Felizmente, tenho a sorte de ter homens como deve ser na minha vida. Primeiro, era o meu avô, de quem tenho as maiores saudades, que me ensinou tanto, que gostou sempre tanto de mim. Depois o meu pai, réplica exacta do meu avô, daqueles pais presentes que, em miúda, me fazia o jantar, me ensinava a ler e me levava com ele ao café (eu com uns 5 anos). Depois, o meu marido. Quem conhece a nossa história sabe e pronto, não é preciso dizer muito mais: não há muitos homens como ele e eu tive a sorte de o ter na minha vida. Agora há-de ser o meu filho, que não tem outro remédio senão ser um homem às direitas, que eu não quero cá testosterona armada ao pingarelho.
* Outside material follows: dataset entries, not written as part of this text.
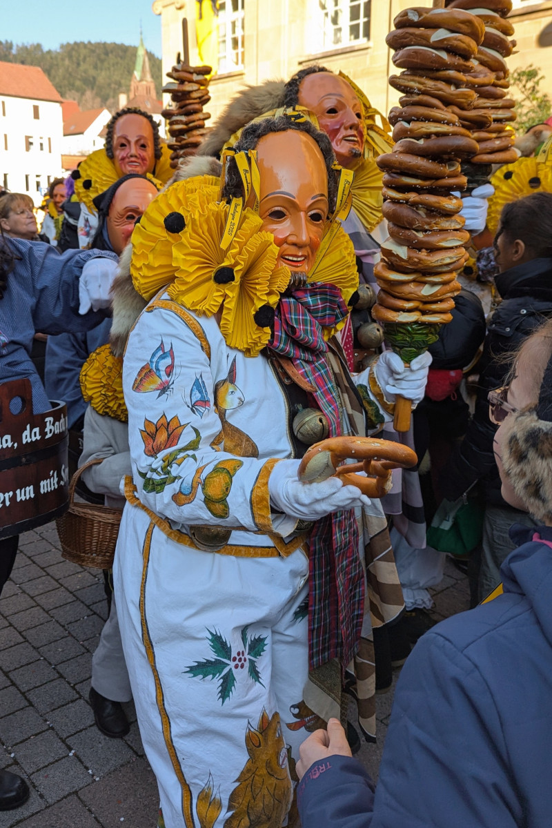 Encore un très beau carnaval historique et très original à env. 1h30 de Strasbourg. Et un cérémonial aussi drôle qu’étrange…Les costumes sont aggrémentés de grosses clochettes et les fous avancent dans un joyeux tintamarre. Mais le clou du spectacle, c’est la bénédiction du Bretzel ou Brezelsegen. Après le traditionnel défilé du Hanselsprung qui se tient le dimanche, les fous se retranchent dans l’hôtel de ville. Ils en ressortent 20 minutes plus tard – toujours aussi frétillants – en brandissant des sortes de perches sur lesquelles sont empilés des bretzels. Plus de 15000 bretzels, produits pour l’occasion par les boulangers de la ville, sont distribués aux badauds jusqu’à 17h. Mais à une condition. Sautiller en poussant la chansonnette. Un petit droit d’entrée de 2,50€ vous sera demandé. Le Carnaval de Schramberg est célèbre pour son second temps fort, la Da-Bach-Na-Fahrt qui a lieu le lundi. Les carnavaliers font du rafting sur la Bach (le ruisseau) à bord d’embarcations complètement folles.
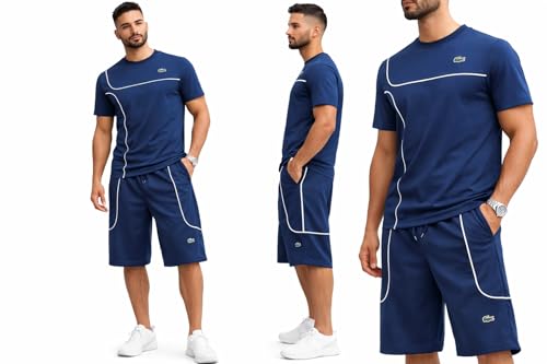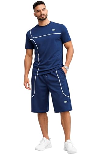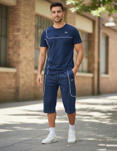 Meza - MEZA طقم رياضي رجالي صيفي، قطن ملتون ليكرا، شورت تحت الركبة، مضاد للوبرة والانكماش، طباعة DTF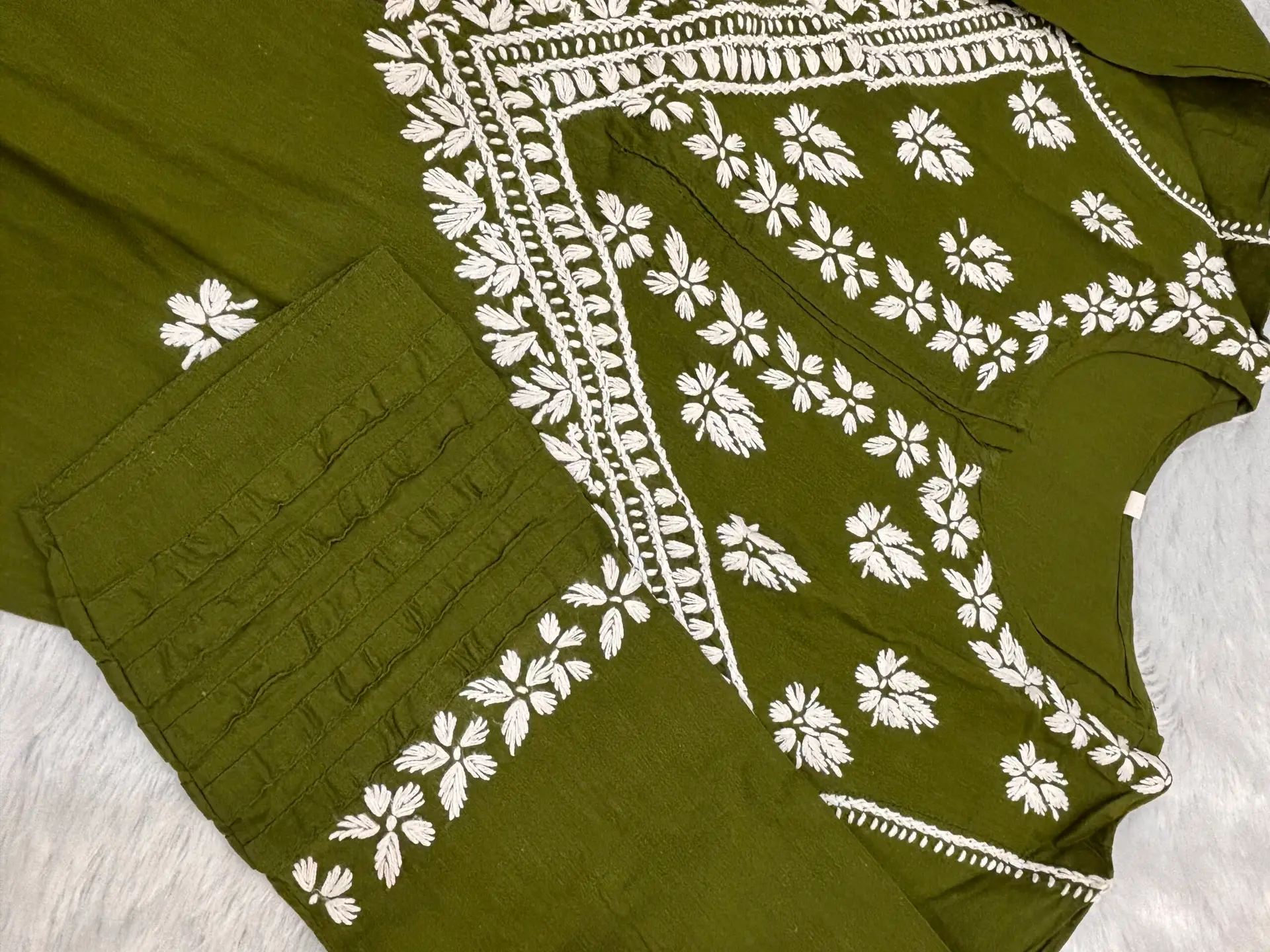 DARK GREEN COTTON HAND EMBRIODERY KURTI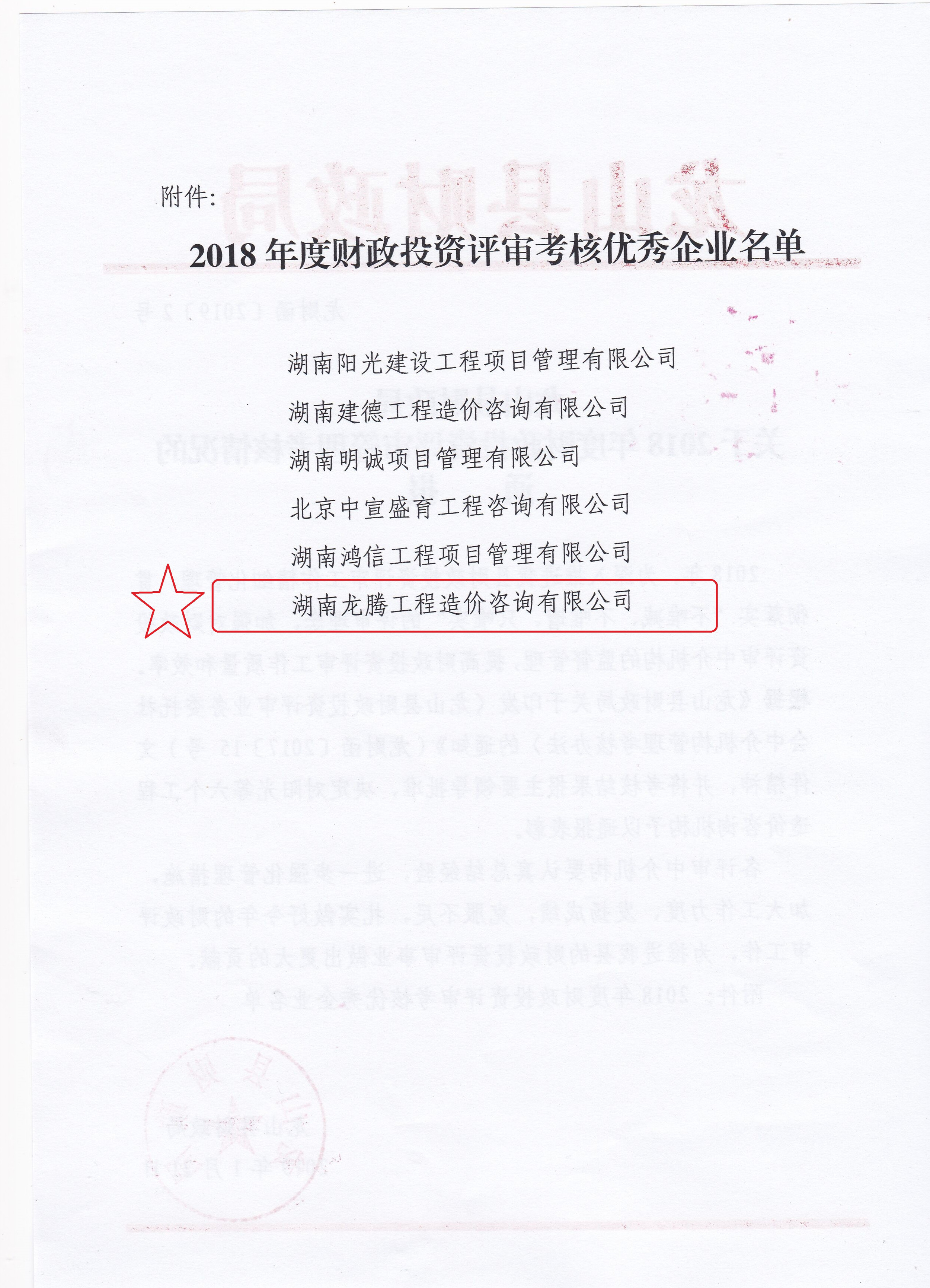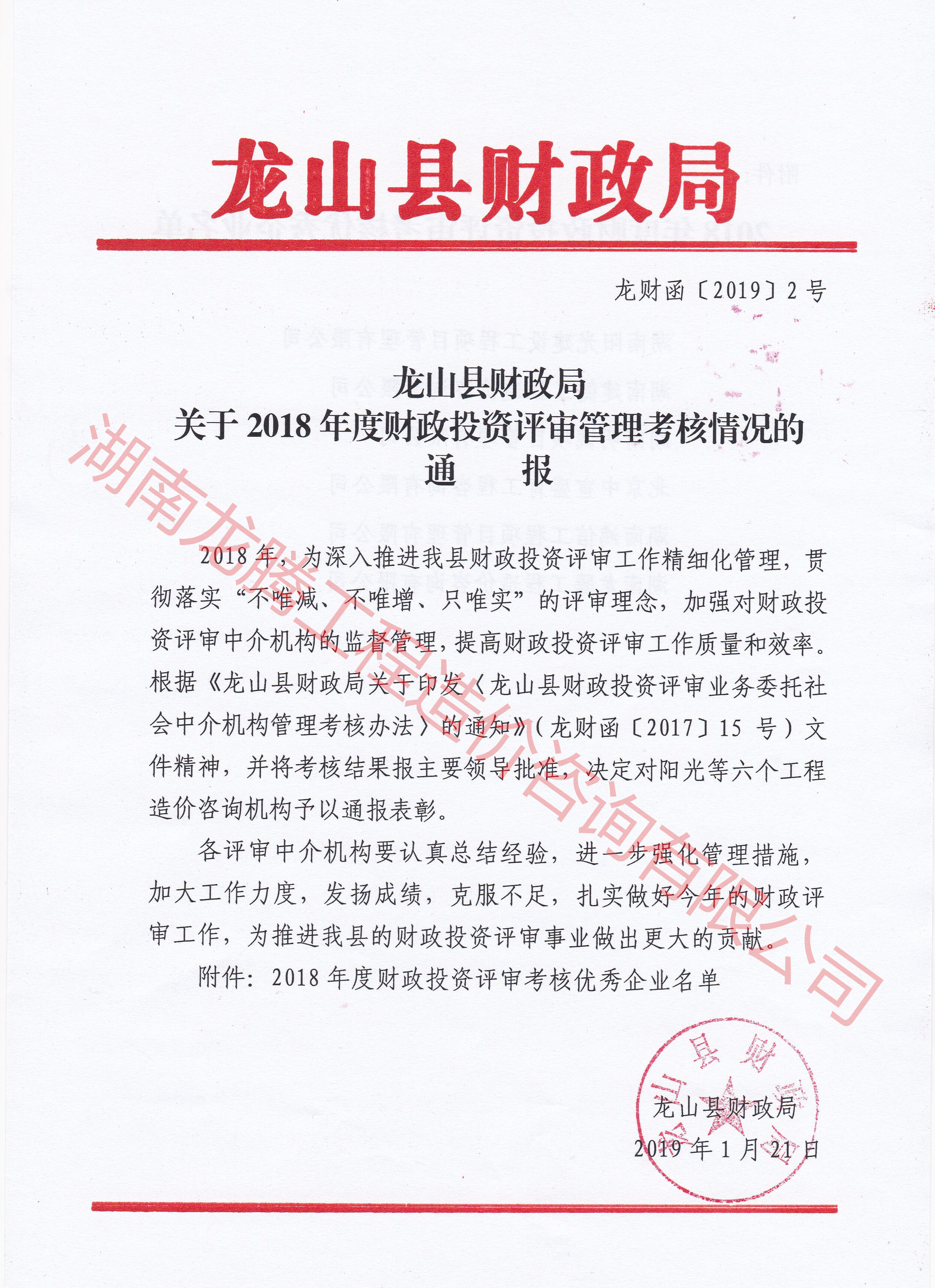 熱烈祝賀我公司被龍山縣財(cái)政局評為2018年度造價咨詢優(yōu)秀企業(yè)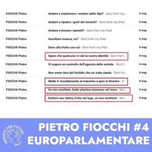15 maggio 2020 – gli ambientalisti del Fridays for Future Italia hanno bombardato di mail alcuni parlamentari Europei tra cui una nostra vecchia conoscenza, il cacciatore Pietro Fiocchi che ha dato diverse risposte, tipo “appena posso vado a sparare un animale pensando a voi” (!) questo è un parlamentare Europeo, rendiamoci conto! Riportiamo una parte del loro comunicato e relativi Screenshot dei vari messaggi del cacciatore Fiocchi, chissà perché non ci stupiamo delle risposte del “grande ambientalista cacciatore”.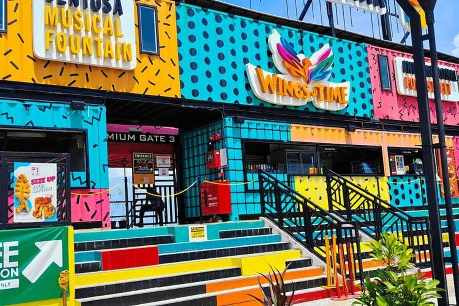 5. Dîner au Central Beach Bazaar – Explorez et dînez librement dans le bazar gastronomique de votre choix. 6. Wings of Time – Assistez au célèbre spectacle nocturne de Singapour en bord de mer, avec feux d'artifice et effets lumineux. 7. Sentosa Sensoryscape – Terminez votre visite par une promenade relaxante dans ce jardin immersif de sons et de lumières.
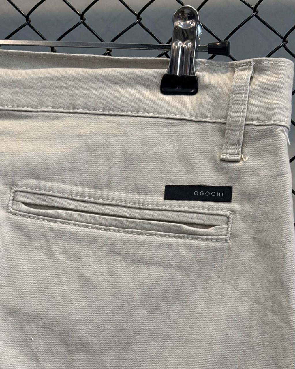 A Ogochi apresenta uma calça de sarja desenvolvida para oferecer um visual limpo e refinado. Sua tonalidade clara e neutra permite uma infinidade de combinações, tornando-a a escolha ideal tanto para um dia de trabalho quanto para um evento social ao ar livre.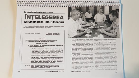 Tot în legătură cu succesiunea FDGR faţă de GEG, „Cotidianul” a publicat încă de anul trecut Protocolul semnat pe 13 iunie 2002 între Klaus Iohannis, ca preşedinte al FDGR, şi Adrian Năstase, ca Prim-ministru: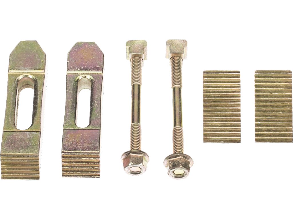 Par objemk za trdno pritrditev obdelanega materiala na strojno mizo z utori v obliki črke T 10 mm. Komplet vsebuje 2 kosa 25 × 25 × 42 mm distančnikov, 2 kosa 100 × 25 × 15 mm sponk in 2 kosa M8 × 100 mm zategovalnih vijakov.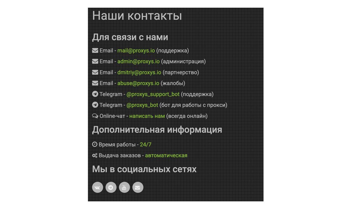 Технически всё стандартно: HTTP(S) и SOCKS5 работают одновременно, есть API для интеграции, собственное браузерное расширение ProxyControl, прокси-чекер для проверки. Поддержка круглосуточная через несколько каналов — Telegram, чат на сайте, тикеты. Скорость ответа заявлена в минутах, не часах.

Bom, voltando ao início. O meu pai fez ontem 56 anos. E a coisa que mais amo no meu pai é uma coisa que descobri há dois anos e tal e que não lhe imaginava tão apurada: o talento para ser avô. Ama a neta acima de qualquer coisa. Derrete-se com ela. Faz tudo o que ela quer. Mima-a. Gasta tempo com ela. Anda de gatas, faz vozes, brinca, inventa. Ensina-lhe letras e números (que ela já conhece tudinho, canta o alfabeto sem se enganar, w, x, y, z incluídos). O meu pai está a ser para ela o que o meu avô foi para mim. E isso deixa-me tão feliz... porque uma das coisas que considero que foi um tesouro na minha vida foi precisamente a relação que tive/tenho com o meu avô. E é uma sorte imensa ter um homem assim na nossa vida. A minha filha é uma sortuda: um avô destes, um pai que não podia ser melhor. Só espero que daqui a uns anos não baixe nela um talento insuspeito para desencantar trastes, que isso é coisa que ela não merece!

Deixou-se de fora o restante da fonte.